Un rapport de l’Institut d’études et de sécurité alerte sur la nécessité d’encadrer l’extraction artisanale de l’or au Bénin pour freiner l’infiltration de ce secteur par les groupes extrémistes violents. Intitulé “Liens entre extrémisme violent et activités illicites au Bénin“, cette étude conduite par Jeannine Ella Abatan et William Assanvo évoque la menace terroriste en lien avec l’extraction artisanale de l’or.

 

“Au fil des années, les autorités béninoises ont pris un certain nombre de mesures visant à mieux contrôler l’extraction artisanale de l’or dans l’Atacora. Un bureau des orpailleurs avait été mis en place pour faciliter la délivrance des autorisations (normalement renouvelables tous les 3 ans) et contrôler les mouvements des orpailleurs. Ce bureau n’est cependant pas parvenu à remplir cette fonction de manière efficace. Il n’a pas fait l’unanimité auprès des orpailleurs, certains ayant remis en question sa légitimité à vouloir réglementer l’activité. Dans les faits, aucune autorisation n’aurait été accordée par le bureau depuis 2018.

La principale mesure prise pour encadrer l’orpaillage dans la zone de Kouatena a été la mise en place d’une unité spéciale de police (Police spéciale de Kouatena) dans le but de sécuriser les sites et de procéder au règlement des conflits liés à cette activité. Cette unité avait remplacé une brigade de gendarmerie spéciale, qui était chargée de sécuriser l’ensemble des sites aurifères sans s’opposer à leur exploitation clandestine. Bien que le Commissariat spécial de Kouatena ait contribué à une réduction des cas de braquage et de vol à main armée, son efficacité a été minée par ses moyens humains et matériels limités : personnel insuffisant, absence de moyens roulants à quatre roues, manque de moyens roulants à deux roues.

Le contexte sécuritaire, caractérisé par une menace terroriste aux frontières du Bénin, aurait joué un rôle non négligeable dans la décision d’interdire l’activité d’orpaillage prise par les autorités béninoises en octobre 2021. Cette interdiction s’est accompagnée d’une expulsion des orpailleurs.
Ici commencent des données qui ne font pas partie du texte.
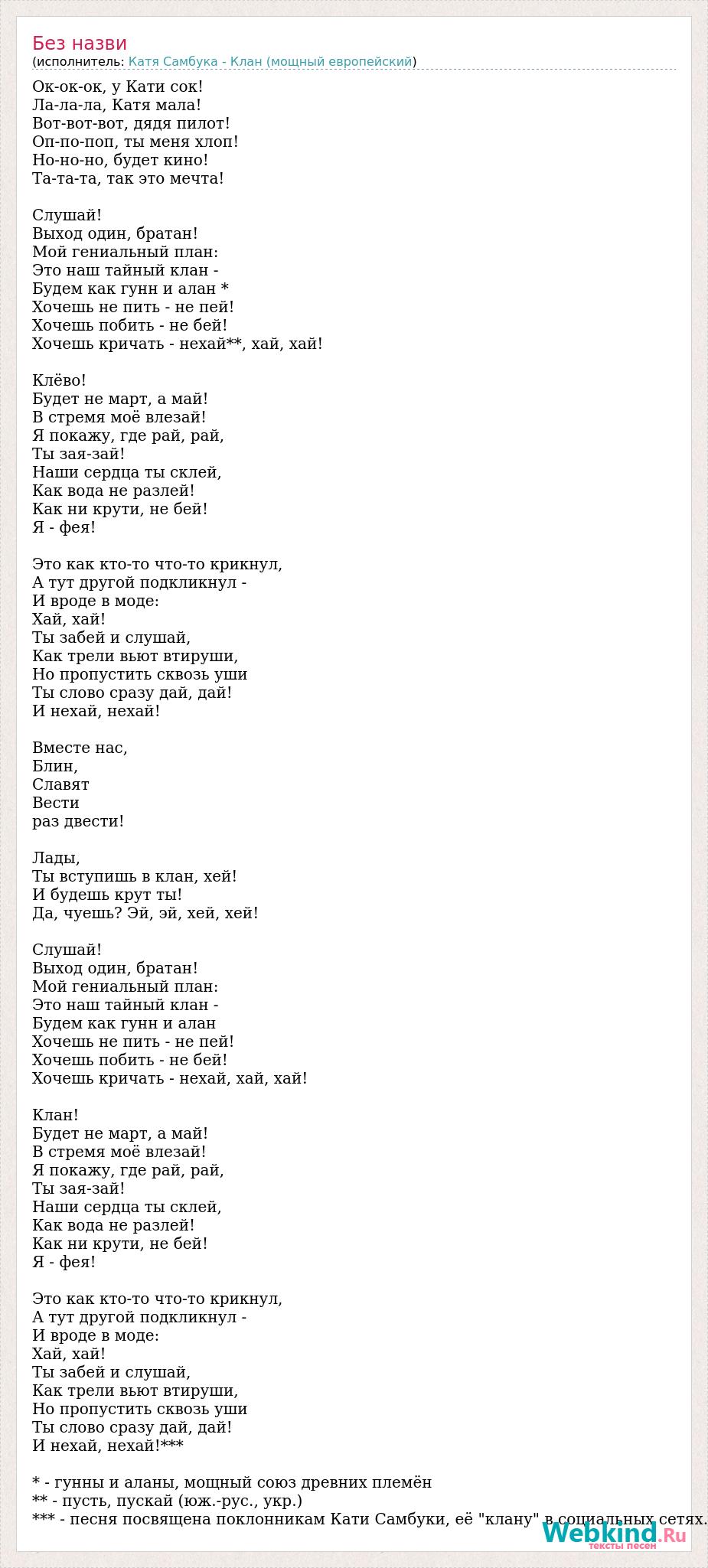Oк-oк-ок, у Кати сок! Ла-ла-ла, Катя мала! Вот-вот-вот, дядя пилот! Оп-по-поп, ты меня хлоп! Но-но-но, будет кино! Та-та-та, так это мечта! Слушай! Выход один, братан! Мой гениальный план: Это наш тайный клан - Будем как гунн и алан * Хочешь не пить - не пей! Хочешь побить - не бей! Хочешь кричать - нехай**, хай, хай! Клёво! Будет не март, а май! В стремя моё влезай! Я покажу, где рай, рай, Ты зая-зай! Наши сердца ты склей, Как вода не разлей! Как ни крути, не бей! Я - фея! Это как кто-то что-то крикнул, А тут другой подкликнул - И вроде в моде: Хай, хай! Ты забей и слушай, Как трели вьют втируши, Но пропустить сквозь уши Ты слово сразу дай, дай! И нехай, нехай! Вместе нас, Блин, Славят Вести раз двести! Лады, Ты вступишь в клан, хей! И будешь крут ты! Да, чуешь? Эй, эй, хей, хей! Слушай! Выход один, братан! Мой гениальный план: Это наш тайный клан - Будем как гунн и алан Хочешь не пить - не пей! Хочешь побить - не бей! Хочешь кричать - нехай, хай, хай! Клан! Будет не март, а май! В стремя моё влезай! Я покажу, где рай, рай, Ты зая-зай! Наши сердца ты склей, Как вода не разлей! Как ни крути, не бей! Я - фея! Это как кто-то что-то крикнул, А тут другой подкликнул - И вроде в моде: Хай, хай! Ты забей и слушай, Как трели вьют втируши, Но пропустить сквозь уши Ты слово сразу дай, дай! И нехай, нехай!*** * - гунны и аланы, мощный союз древних племён ** - пусть, пускай (юж.-рус., укр.) *** - песня посвящена поклонникам Кати Самбуки, её "клану" в социальных сетях.

Des rumeurs sur la présence de terroristes auraient été à l’origine de mesures sécuritaires, avec un renforcement à la même période de la présence militaire dans l’arrondissement de Perma et dans la banlieue de Kouatena, ainsi que l’instauration de patrouilles mixtes. Des campagnes de sensibilisation organisées par le ministère de l’Intérieur et les élus locaux ont été menées afin d’inciter les populations à la vigilance et de les inviter notamment à identifier et à dénoncer les individus suspects“ révèle le rapport. Toute chose nécessitant “une reprise en main et un meilleur encadrement de l’exploitation artisanale de l’or dans l’Atacora“. A cet effet, les auteurs de l’étude préconisent d’établir, au niveau départemental et local, des structures techniques compétentes au sein du ministère des Mines (et notamment de l’Office béninois de recherches géologiques et minières) qui seraient chargées de veiller à l’application de la législation existante en matière d’exploitation minière.

“Dans le même ordre d’idées, la réactivation ou la redynamisation de la cellule chargée des questions minières au niveau départemental pourrait être envisagée. La sensibilisation et la responsabilisation d’acteurs communautaires à la nécessité de respecter les conditions d’accès aux autorisations d’exploitation sont à entreprendre. Par ailleurs, la révision en cours de la loi de 2006 portant code minier et fiscalités minières en République du Bénin offre l’occasion de repenser, en concertation avec toutes les parties prenantes, l’encadrement de l’orpaillage dans le pays afin de l’adapter aux défis auxquels ce secteur pourvoyeur d’emplois fait face. La présence sur les sites d’orpaillage de ressortissants provenant de plusieurs pays de la région souligne la nécessité de mettre en place des dispositifs de suivi et de contrôle des flux migratoires, en collaboration avec les autorités et les acteurs locaux. Cette démarche passe également par le renforcement de la collaboration entre forces de sécurité et populations. Il apparaît nécessaire de consolider les capacités opérationnelles de la Police spéciale de Kouatena en la dotant de moyens humains et matériels adéquats“ lit-on également.